During such movement, the first and second centering surfaces (18,
19) slide one on the other and are kept in contact owing to the
pressure exerted by the helical spring 117. During the
translational movement of the connecting rod 12 in the passage
opening 15, the rounded boss 26 forces the centering block 116 into
a translational movement in the housing 22. In this way, when the
connecting rod 12 moves away from the predefined position shown in
FIG. 3a, the rounded boss 26, given the shape of the spherical
notch 118, pushes the centering block 116 so as to compress the
helical spring 117 by reducing the space 23 between the centering
block 116 and the bottom of the housing 22, as shown in FIG. 3b.

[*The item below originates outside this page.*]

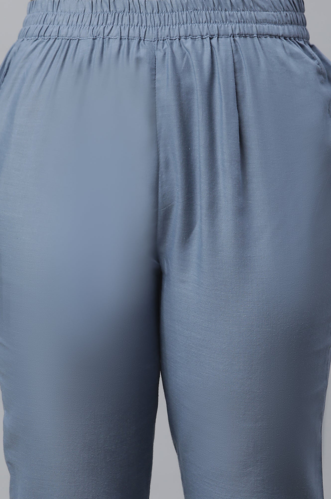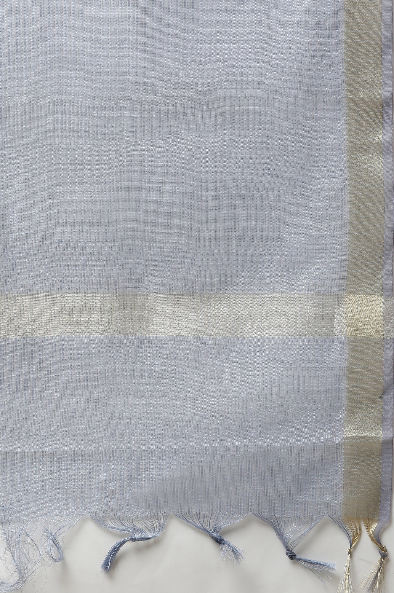Blue Yarn-Dyed Kurta, Trousers And Dupatta Set
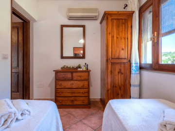 The villa has a spacious porch overlooking the private swimming pool with hydro massage in front. The 2-storey holiday home of 165 square metres can accommodate 10 guests in five different bedrooms. The villa with air conditioning consists of a living room, 4 bathrooms and a well-equipped kitchen with dishwasher. The terrace is provided with a barbecue.

The compression of the helical spring 117 then opposes, in this
case, the relative movement of the connecting rod 12 in the passage
opening 15. Thus, when the connecting rod 12 and/or the attachment
element 100 are no longer long subjected to an outside force
involving their relative movement, as the first and second
centering surfaces (18, 19) are in contact, these sliding one on
the other so as to relax the helical spring 117. Such a sliding
results in returning the connecting rod 12 towards the predefined
position shown in FIG. 3a.
[0042] The centering block 116, pushed by the helical spring 117,
exerts a force on the connecting rod 12, which is kept pressed
against the additional centering surface 24. This additional
centering surface 24, in the same way as the first centering
surface 18, participates in guiding the connecting rod 12 towards
the predefined position of FIG. 3a, owing to its adapted shape
complementary to the rounded boss 26.
[0043] FIGS. 4a, 4b and 4c are longitudinal cross-sectional views
of an attachment element 200 according to a second embodiment of
the invention, in the passage opening 15 in which a connecting rod
12 is introduced similar to that already described in FIGS. 3a and
3b, for example. The attachment element 200 has a head 14 and an
anchor member 13, for example comprising a screw 213, able to move
translationally and/or rotationally relative to each other. In this
embodiment, the head 14 has a housing 22, emerging inside the
passage opening 15. In this embodiment, the housing 22 is a through
housing, along an axis A substantially perpendicular to the axis B
of the passage opening 15. One of the openings of the housing 22
has a rim 27 and the other opening is intended to be closed by a
bolt 225. In this attachment element 200, the centering means 16 is
secured to the anchor member 13 and forms one of the ends 216 of
said screw 213. The anchor member 13 and the rim 27 are designed so
that the screw 213 can extend through the opening of the housing 22
including said rim 27 and so as to prevent the passage of the
centering means 16. According to this embodiment, the spring-back
means 17 has an elastically deformable annular seal 217 arranged
inside the housing 22 and resting on the rim 27, the annular seal
217 being arranged to be inserted between said rim 27 and the
centering means 16. Advantageously, the annular seal 217 is
arranged to exert a rotational return torque between the anchor
member 13 and the head 14, towards an aligned position of these two
members along the transverse axis A: such a return torque is due to
the elasticity of the seal 217, stuck between the housing 22 on the
one hand and the centering means 16 on the other hand. The annular
seal 217 being elastically deformable, it also allows, in addition
to a rotational movement, a translational movement of the end 216
of the screw 213 relative to the head 14 when it undergoes elastic
crushing.
[0044] The end 216 comprises a first centering surface 18 formed,
according to this embodiment, by a centering rim 218 formed at the
end 216 of the anchor member 13 intended to be opposite the passage
opening 15. When the connecting rod 12 is introduced into the
passage opening 15, it can occupy a predefined and privileged
position, as shown in FIG. 4a, in which the centering rim 218 and
the rounded boss 26 are in contact, and in which the walls of the
passage opening 15 and/or the end of the bolt 215 opposite the
passage opening 15 are also in contact with the rounded boss 26. In
this predefined position, the annular joint 217 does not undergo
dissymmetrical crushing relative to the axis A.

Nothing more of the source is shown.